JOHN HUMPHRYS: Yes well let's ...
STRAW: But let me just make this point to get
this out of the way. What we're concerned about is evolutionary change.
There's no...the proposal for a Scottish parliament, it's something that's
being discussed over a period of thirty years and refined. It was put to the
Scottish people in a referendum and approved by them by the way, by a majority
in late 1978 early 1979, it didn't meet an artificials for (phon) but it was
approved by them, it's taken a long long time. Now on this, look do you want
to deal with the West Lothian question, because that was a very artificial
statement about that.
HUMPHRYS: You tell me that the West Lothian
question isn't as it was analysed there by Terry Dignan. Gordon Brown seems to
think it is and he seems to think that the solution and many other of your
colleagues as we saw some of them on that film seem to think that the solution
lies in English regions. Now let's have a look at what you're going to do with
the English regions. What powers will those assemblies in the English regions
have.
STRAW: What we're doing, we're involved at the
moment in a consultation process. We spoke to the parliamentary party. Last
Wednesday I was speaking to regional groups inside the parliamentary party and
across the country, and I'm not going to tell you what's going to be in our
consultative document John which is coming out in June, or in the manifesto
which will come out at the General Election. But what we are trying to do is
to answer a practical problem which, for example, Howard Davis (phon), the
Director General of the Federation of British Industry, himself addressed in a
speech which he gave last Tuesday. Now what did he say? He said "look the
Government itself has already created an enormous tier of regional government
in this country" but, use my phrase, not his, that's one of the great secrets
of English politics. You'll never hear about this ...
HUMPHRYS: Well we heard about it in that film.
STRAW: Well very very briefly, very briefly
indeed but it's a huge tier it employs thousands of people at the moment and
it's grown. The Government itself at the last election said if you vote for
us, we'll set up what they call integrated regional offices to coordinate the
work of four departments. So you've got this very substantial tier of regional
government through the regional offices, and also for example in the South
West, through thirty five separate regional offices. So that's there, you've
then got quangos running at a regional level, running things like the Health
Service, Training Enterprise, things like that, coordinating that. And then
you've got a sort of invention of a regional tier by local authorities and by
businesses on a very ad hoc basis because there are functions of government
which have to be maintained and run best at a regional level. Now let me just
make this, we've got time, I think it's very important, that this is spelled
out. So we see we're not parachuting into England with this invention of
assemblies which have no argument for them.

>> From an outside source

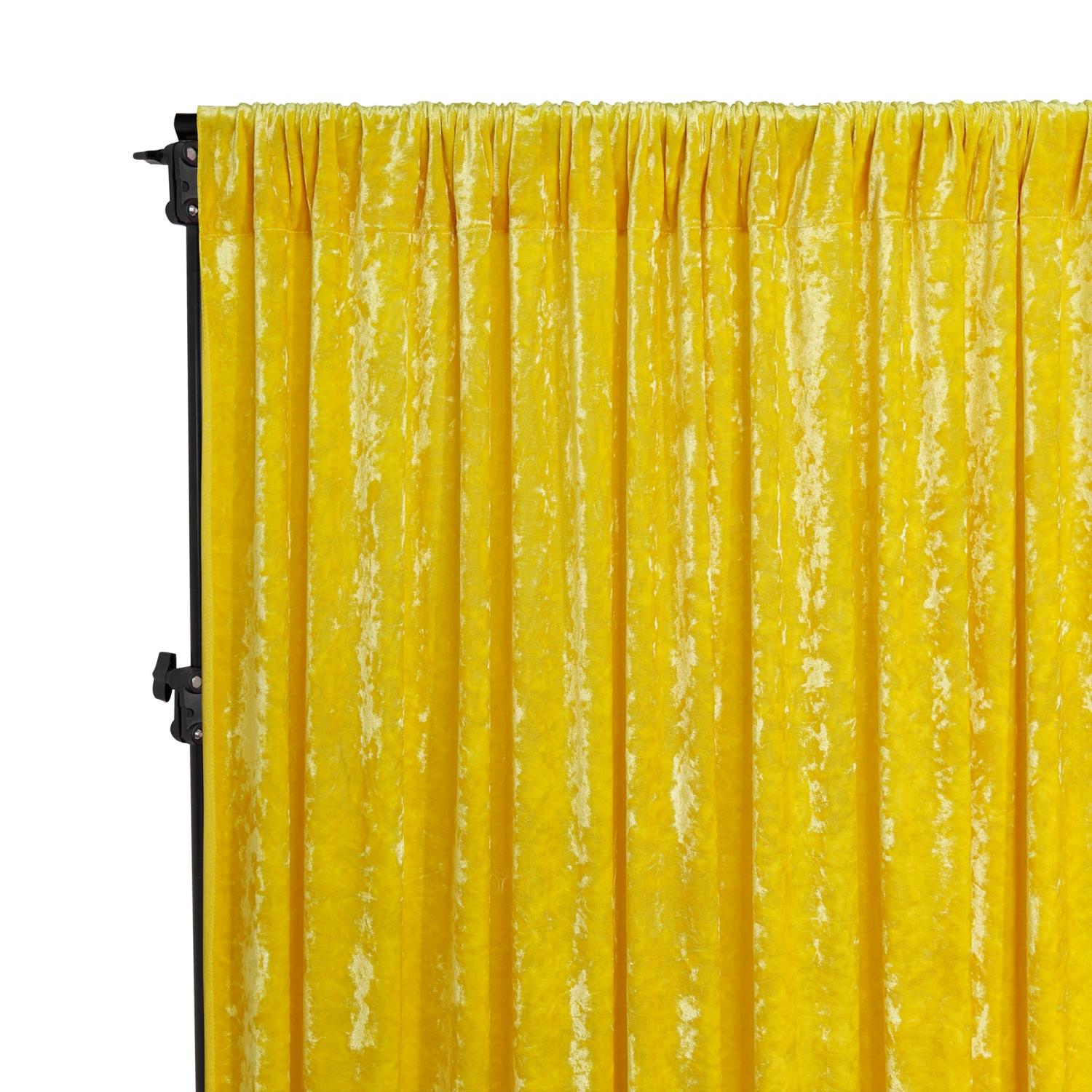 Premade Velvet Backdrop Curtain 10ft Long x 52in Wide in Canary Yellow Color: Canary Yellow Dimension: 10ft height x 52in width Pockets: 4" on top Material: Velvet
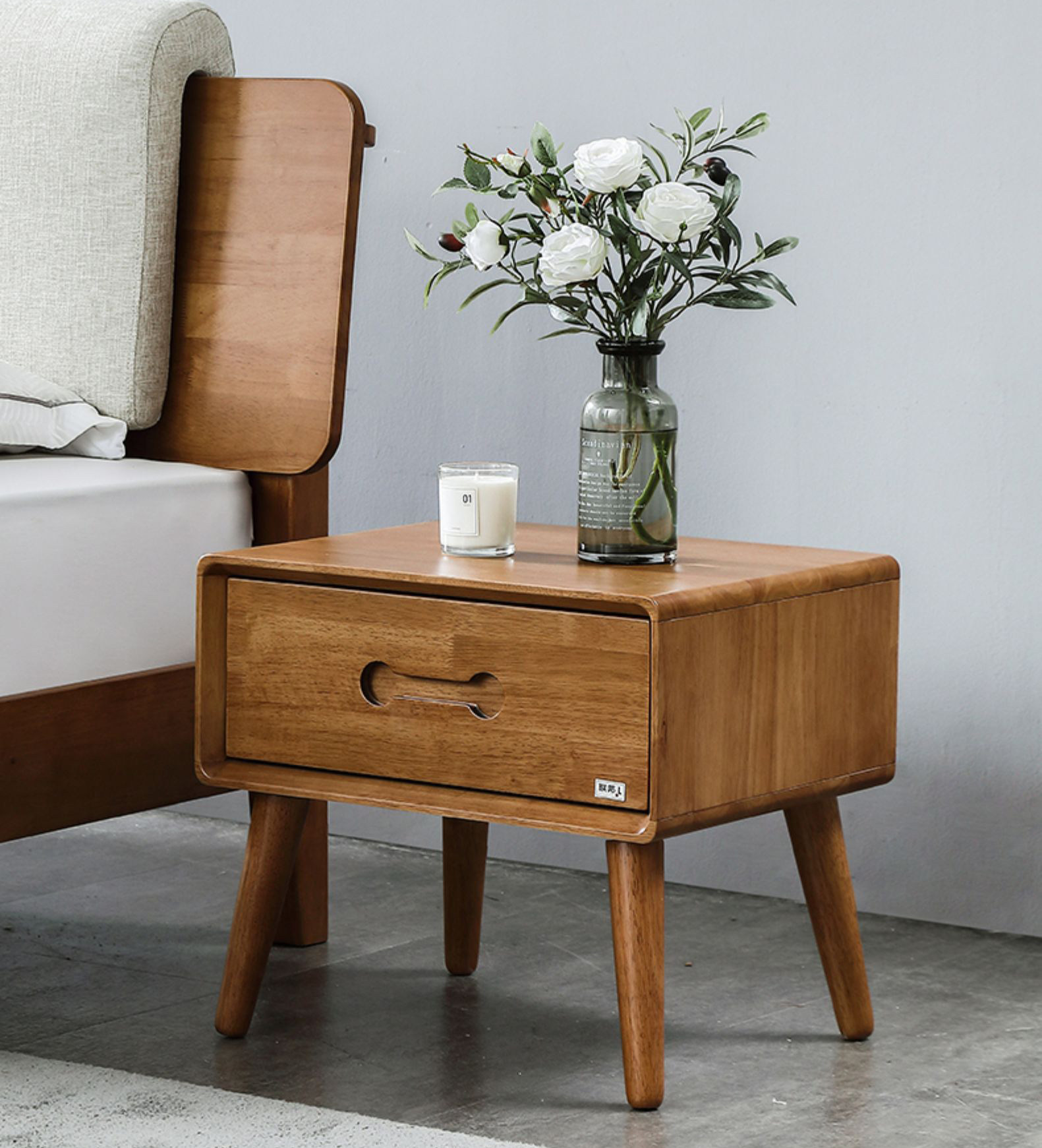1.实木北欧床头柜

HUMPHRYS: Well assemblies is your word, your
party's word not mine, I didn't make up that word.
STRAW: No I understand that. What I'm trying
to say is where does this proposal come from? And it doesn't originally derive
as an answer to the West Lothian question as if we're foisting on people in
England something they would otherwise not want.
HUMPHRYS: Yes but Gordon Brown does seem to think
that that is the answer to the West Lothian question. He made that perfectly
clear. We saw him again on that film.
STRAW: Yes if people watched what Gordon was
saying, what he spoke about there was the offer of English regional government.
HUMPHRYS: Let's remind people that Scottish
parliament goes hand in hand with greater regional ... that's what he said.
STRAW: No, it was the offer, well the word is
very important.
HUMPHRYS: Verbatim quote but anyway.
STRAW: The word is very very important and it
wasn't put there by accident because we want to achieve ...
HUMPHRYS: Yes but I want to put this word offer
you're using, what does it mean. You're saying to people in the regions, you
can have one of these assemblies if you want, but if you don't, you don't have
to.
STRAW: It's a much more serious set of
proposals than that and Tony Blair illustrated that in the interview...
HUMPHRYS: Well let's try and look at what they are
then because I think there is genuine confusion on the part ...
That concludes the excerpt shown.